Retire la película para y realice los siguientes lavados a temperatura ambiente durante dos minutos. Una vez cada cuatro veces SSC 0.05%tween 20 y dos veces durante dos minutos en PBS. Después de drenar los portaobjetos, aplique seis microlitros de medio de montaje de escudo vectorial que contenga DPI a un diámetro de 22 por 22 milímetros.

Cubra el número cero e invierta la corredera sobre la cubierta. Seque y selle los bordes del cubreobjetos con esmalte de uñas transparente. Por último, analizar las muestras mediante microscopía de fluorescencia.

Puntúa cada núcleo por dos analistas independientes. Utilice también el software de imágenes para capturar una imagen del núcleo para confirmar el diagnóstico visual y para el archivo de imágenes como parte de la garantía de calidad del laboratorio. En este caso, una propagación de la metafase y un núcleo de interfase preparado a partir de linfocitos de sangre periférica indican un portador de una translocación recíproca entre los brazos cortos de los cromosomas cinco y nueve, con puntos de ruptura a los cinco P 14.3 y nueve P 2, 4.1.

Las sondas de peces iluminan tanto los segmentos trans localizados como el segmento central de las señales del cromosoma nueve. A partir del tercer día, los embriones pueden ser capturados y luego fusionados para formar una imagen compuesta. Dos señales para cada sonda indican dos copias de cada locus, lo que es consistente con un complemento normal o balanceado.

Para los cromosomas de translocación, las señales coloreadas indican una copia del segmento trans localizado del cromosoma, cinco, tres copias del segmento translocalizado del cromosoma nueve y dos copias del segmento central del cromosoma CH nueve.
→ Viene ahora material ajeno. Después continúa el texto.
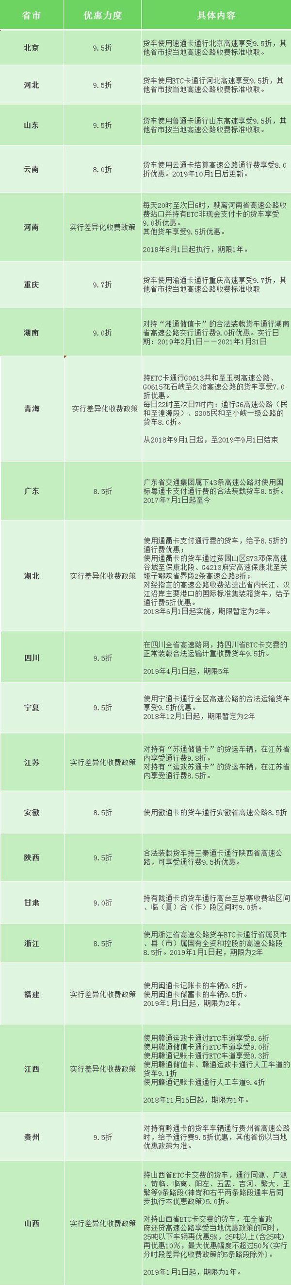 自2019年7月1日起,嚴格實施對ETC用戶不低于95折的通行優惠政策,并實現對通行本區域的車輛給予同樣的優惠力度,即外省ETC卡和本省ETC卡在本省高速公路享受同樣的優惠折扣政策。而不同的地區ETC優惠政策又有所不同,為方便可有出行,將各地ETC優惠政策進行匯總,僅供各位卡友作為參考。
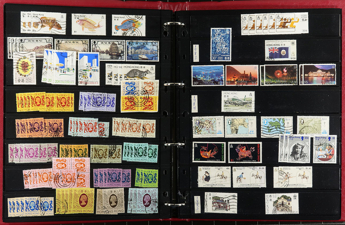 A collector's mostly used duplicates of Hong Kong, from Queen Victoria up to 2022, all neatly arranged on 9 Vario stockpages (double sided) within a deluxe padded Stanley Gibbons padded 3-ring binder. Several hundred stamps in total, plus a couple mint souvenir sheets and stamp show souvenir items (1987/1994). Noted some better values in the earlier stamps, a QV perfin, "CHINA" overprints and some attractive postmarks. A fun group to sort out. Estimate =
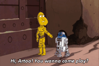 Hi, Artoo! You wanna come play? CLEVELAND: Sure!
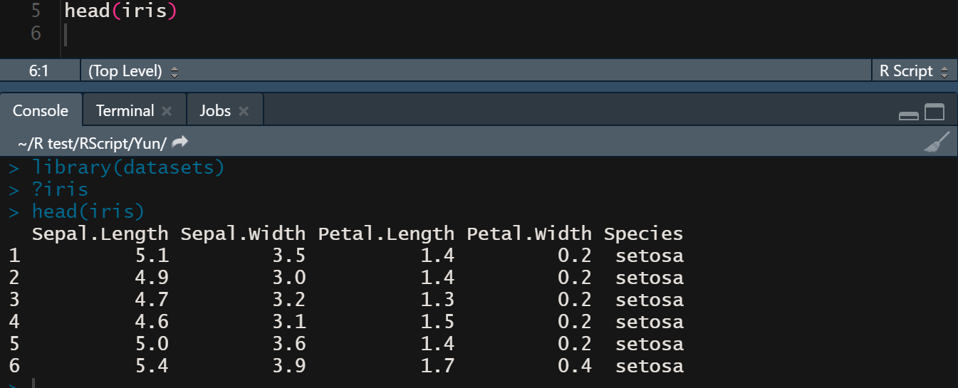 위처럼 head(iris)를 실행하니 6개의 꽃 개체에 대한 Sepal.Length (꽃받침 길이), Sepal.Width (꽃받침 넓이), Petal.Length (꽃잎 길이), Petal.Width(꽃잎 넓이), 그리고 Species (어떤 종인지)를 보여준다.
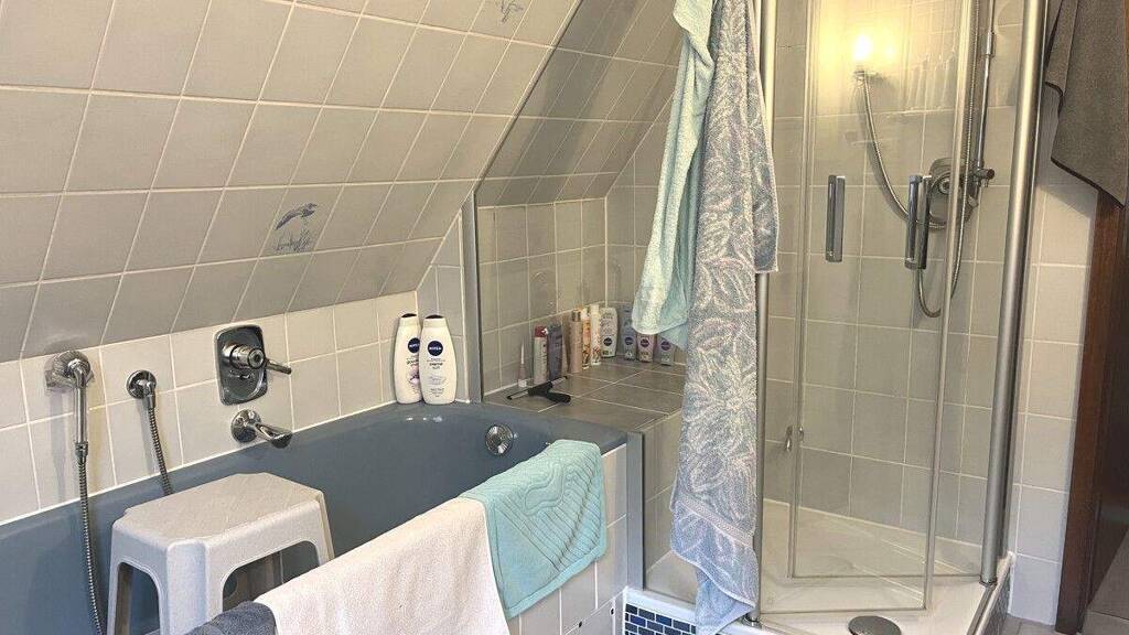 Im Obergeschoss stehen ein Flurbereich, ein weiterer Abstellraum sowie drei flexibel nutzbare Zimmer unterschiedlicher Größen zur Verfügung. Abgerundet wird das Wohnangebot auf dieser Etage durch das geräumige Tageslichtbad mit Badewanne und Dusche, welches 2018 renoviert wurde.
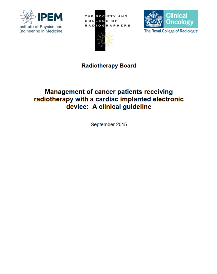 The number of cancer patients with cardiac implantable electronic devices (CIEDs) receiving radiotherapy is increasing. 2-4 There are two main categories of CIED: permanent pacemakers and implantable cardioverter defibrillators (ICDs). Electronic monitoring devices (eg implantable loop recorders) have no direct connection to the heart and are not covered in this guideline. Most permanent pacemakers (referred to as ‘pacemakers’ in this document) are implanted in patients who either have inappropriate bradycardia, or who are at
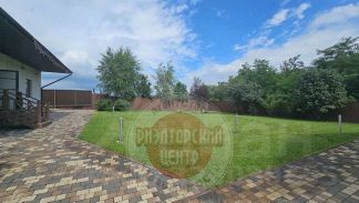 Во дворе выполнено благоустройство, газон с системой полива, высажены декоративные и плодовые деревья.

Estos datos son consistentes con un producto desequilibrado de hombre somi para cinco P 14.3 a cinco PT y trisomía para nueve P dos, 4.1 a nueve pt. Después de ver este video, debería tener una buena comprensión de cómo analizar una biopsia de una sola célula de un embrión humano y preparar un solo núcleo utilizando la técnica de hibridación fluorescente in situ.

Esto es importante para lograr resultados de prueba reproducibles y óptimos para determinar el complemento de los cromosomas sexuales o el estado de translocación de un embrión.